→ **TASK TO COMPLETE**: Repeat the records below exactly from the line containing "Pet Description:Skye is" to the line containing "1000 元整,未繳交者取消其獎項。 |", taking in both of those lines. Drop the pictures.

[Stored items from a collection]

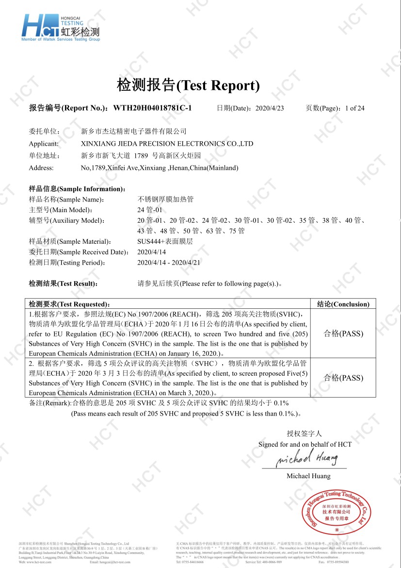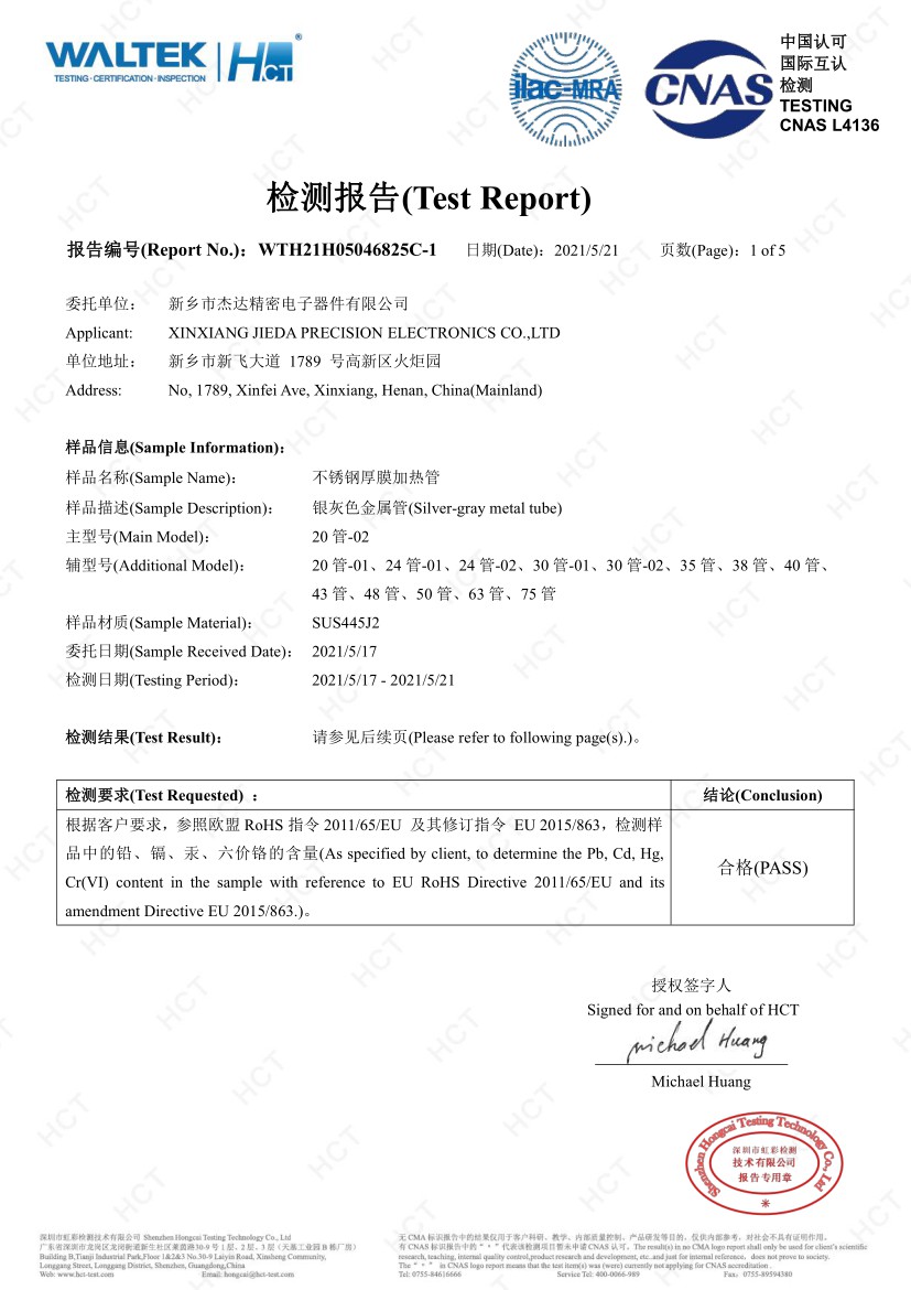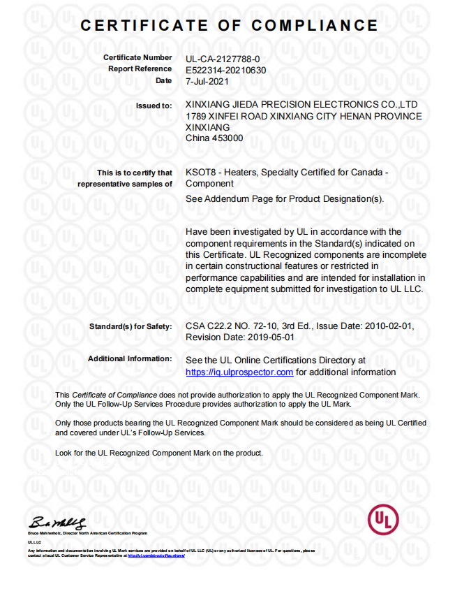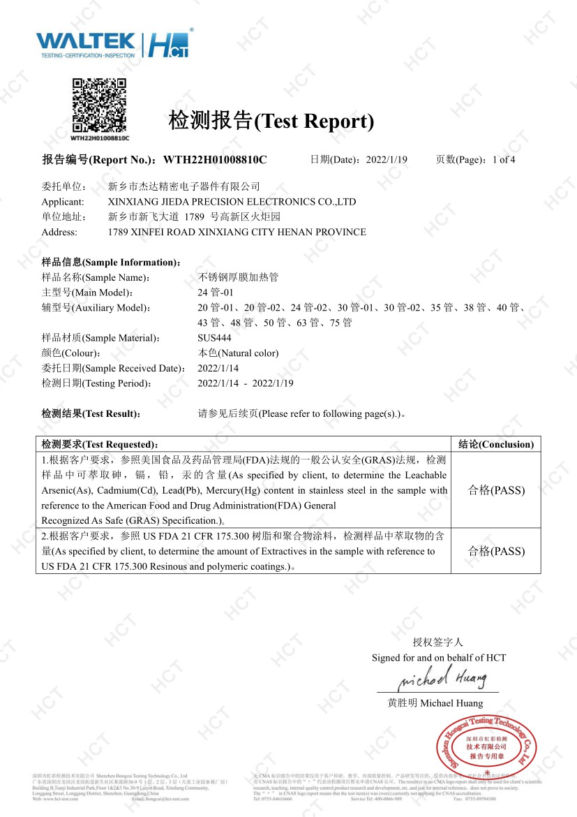 杰達公司專注厚膜電加熱行業十多年,獲授權發明專li5項、實用新型專li百余項;公司通過ISO9001、IATF16949體系認證;產品獲得CQC、UL、飲用水衛生批件等相關安全認證。杰達公司產品覆蓋國內外多個應用領域,受到客戶一致好評,深得用戶信賴!
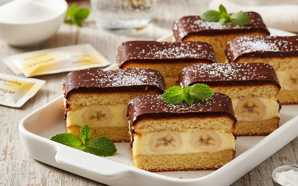 Bananenschnitten sind ein echter Klassiker der österreichischen Backstube – und diese vegane Version steht dem Original in nichts nach! Mit luftigem Biskuitboden, cremigem Vanillepudding, frischen Bananenscheiben und einer glänzenden Schokoglasur ist dieses Rezept ein absoluter Publikumsliebling.
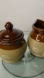Drip Glaze Pottery Cream and Sugar Bowl 3Pc Set Tri-Color Brown Tan Stoneware
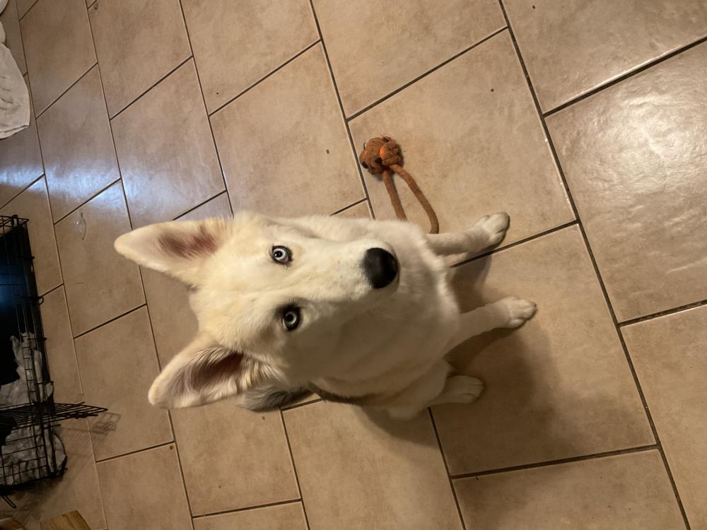 Pet Description:Skye is a 1 year old Husky mixed with German Shepherd, she has white and black fur but mostly white. |
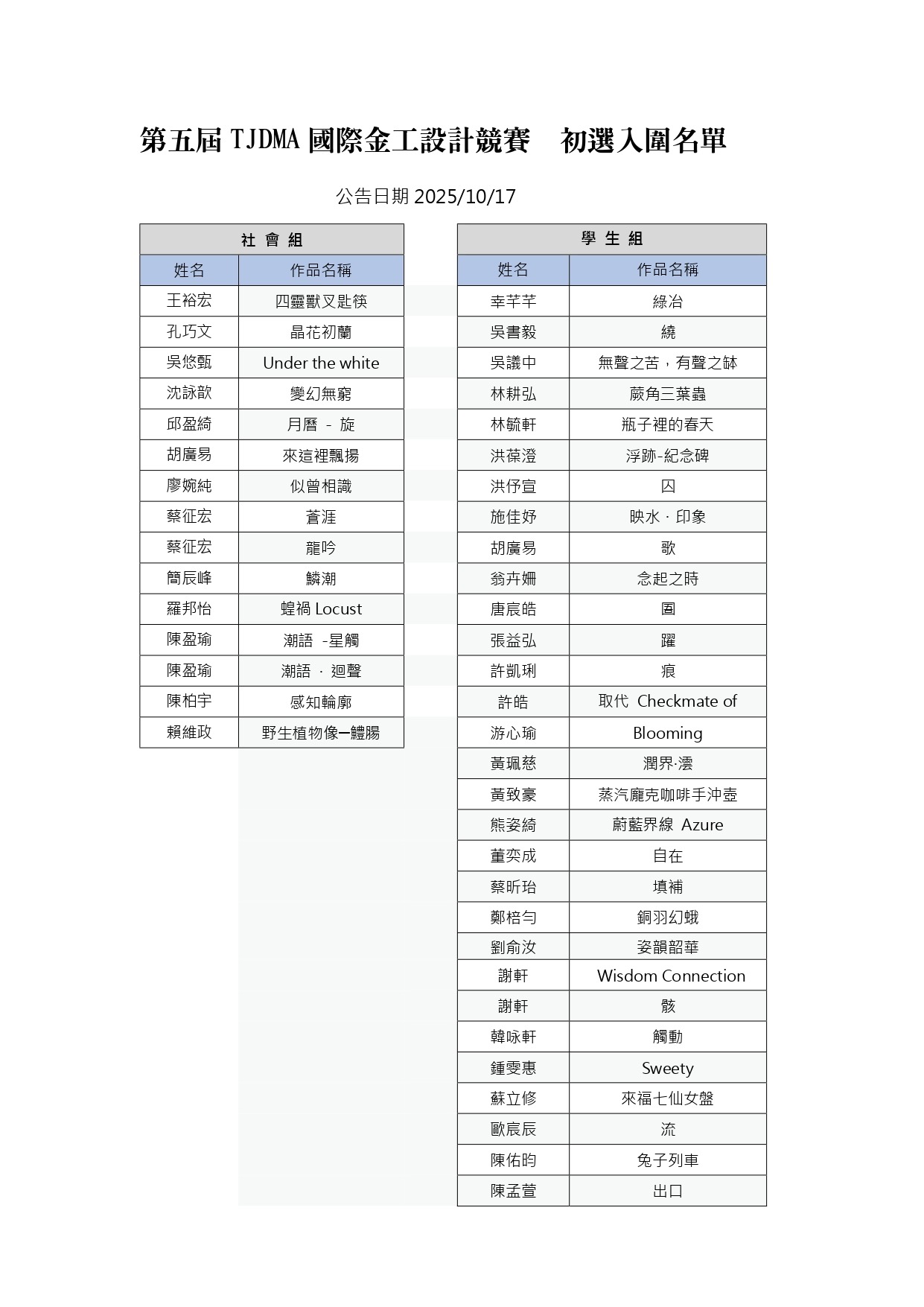 收件地址:103台北市大同區迪化街一段32巷14號2樓,光在金工,註明第五屆TJDMA國際金工競賽收件處收 決選送件時,為避免送件過程中實體作品受損,實體作品請自行妥善包裝,確認緩衝材是否 足夠、妥當,若因包裝不妥造成郵寄過程中物件受損本協會不負相關責任。 作品包裝尺寸其長寬高總和不超過150公分,《附件ㄧ、送件表》應確實黏貼於包裝盒外,內並檢附《附件 二、切結書》。 不符規定格式之作品將無法參與評選,後續將通知參賽者自行取回,本協會不主動郵寄退件。 ※社會組參賽者暫不需繳交任何費用。於決選得獎後,得獎者才需繳交競賽活動相關行政費用每件作品 1000 元整,未繳交者取消其獎項。 |
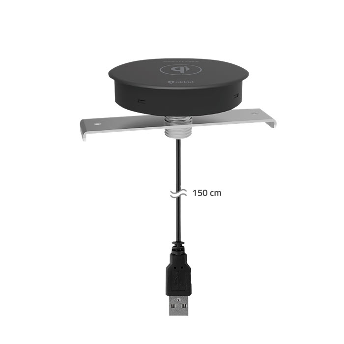 Mit diesen Möbel-Einbauladegeräten hat der Kabelsalat ein Ende! iPhones ab der Serie 8 aufwärts können kabellos, induktiv nach Qi-Standard aufgeladen werden! Es reicht das einfache Auflegen des Smartphones und schon beginnt es automatisch zu laden. Dieser induktive Einbaulader hat ein 150 Zentimeter langes Kabel und wird mit dem notwendigen Stromnetzteil geliefert.
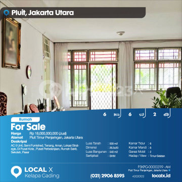 AC 5 Unit, Semi Furnished, Tenang, Aman, Lokasi Strategis, Di Pusat Kota , Pusat Perbelanjaan, Rumah Sakit, Sekolah, Pasar For Sale - Jual Rumah Pluit Timur Penjaringan, Jakarta Utara Harga. Rp 1800000xxxxJual) Deskripsi Properti. AC 5 Unit, Semi Furnished, Tenang, Aman, Lokasi Strategis, Di Pusat Kota , Pusat Perbelanjaan, Rumah Sakit, Sekolah, Pasar Luas Tanah. 530 m2 Dimensi. 26.5x20 Luas Bangunan. 540 m2 Sertipikat. SHM Kamar Tidur. 6 Kamar Mandi. 6 Garasi Mobil. 2 Hadap / View. Timur-Selatan LOCAL X Kelapa Gading ******** ⓪②① ②⑨⓪⑥ ⑧⑤⑨⑤ P3KPG-0000xxxx-AM-J
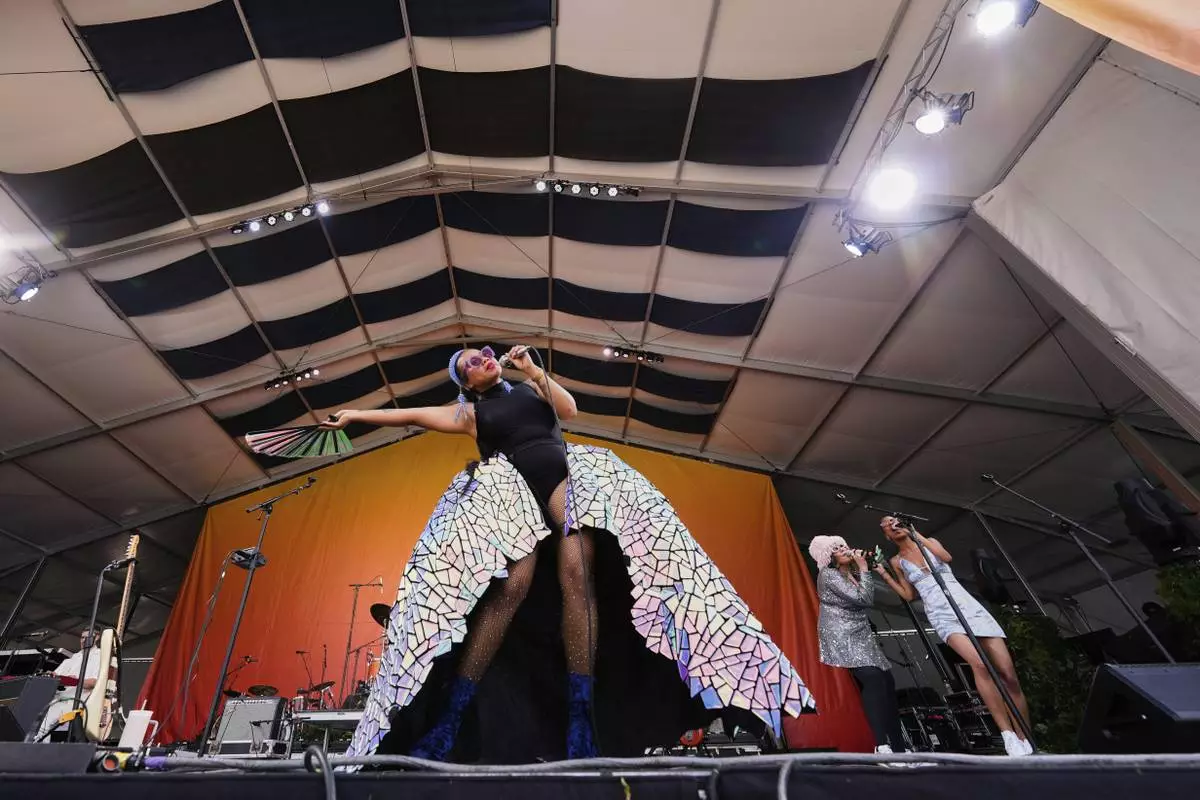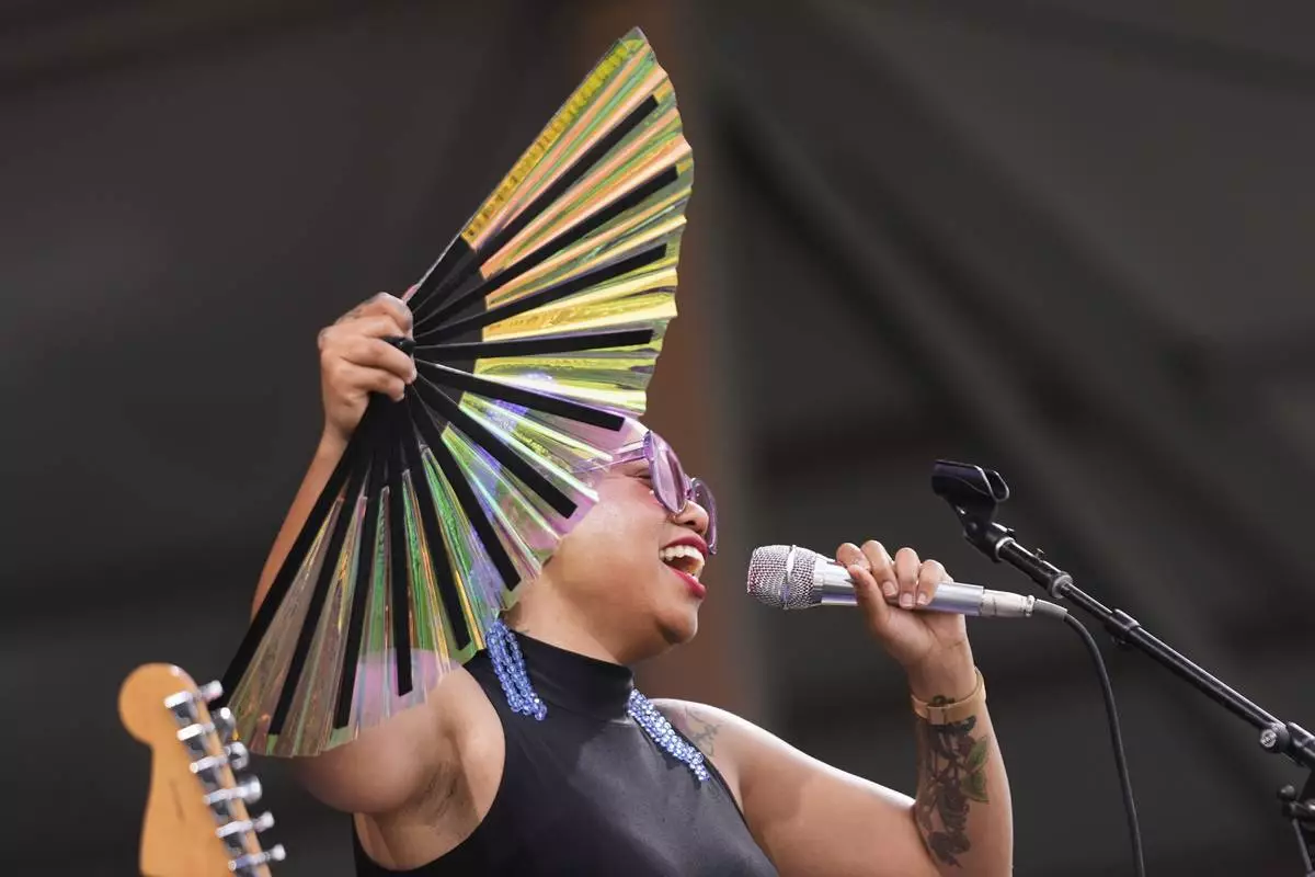 Anjelika "Jelly" Joseph performs with her band Galactic at the New Orleans Jazz & Heritage Festival in New Orleans, Sunday, May 4, 2025. (AP Photo/Gerald Herbert)

→ **FINISHED TASK**:
 Pet Description:Skye is a 1 year old Husky mixed with German Shepherd, she has white and black fur but mostly white. |
 收件地址:103台北市大同區迪化街一段32巷14號2樓,光在金工,註明第五屆TJDMA國際金工競賽收件處收 決選送件時,為避免送件過程中實體作品受損,實體作品請自行妥善包裝,確認緩衝材是否 足夠、妥當,若因包裝不妥造成郵寄過程中物件受損本協會不負相關責任。 作品包裝尺寸其長寬高總和不超過150公分,《附件ㄧ、送件表》應確實黏貼於包裝盒外,內並檢附《附件 二、切結書》。 不符規定格式之作品將無法參與評選,後續將通知參賽者自行取回,本協會不主動郵寄退件。 ※社會組參賽者暫不需繳交任何費用。於決選得獎後,得獎者才需繳交競賽活動相關行政費用每件作品 1000 元整,未繳交者取消其獎項。 |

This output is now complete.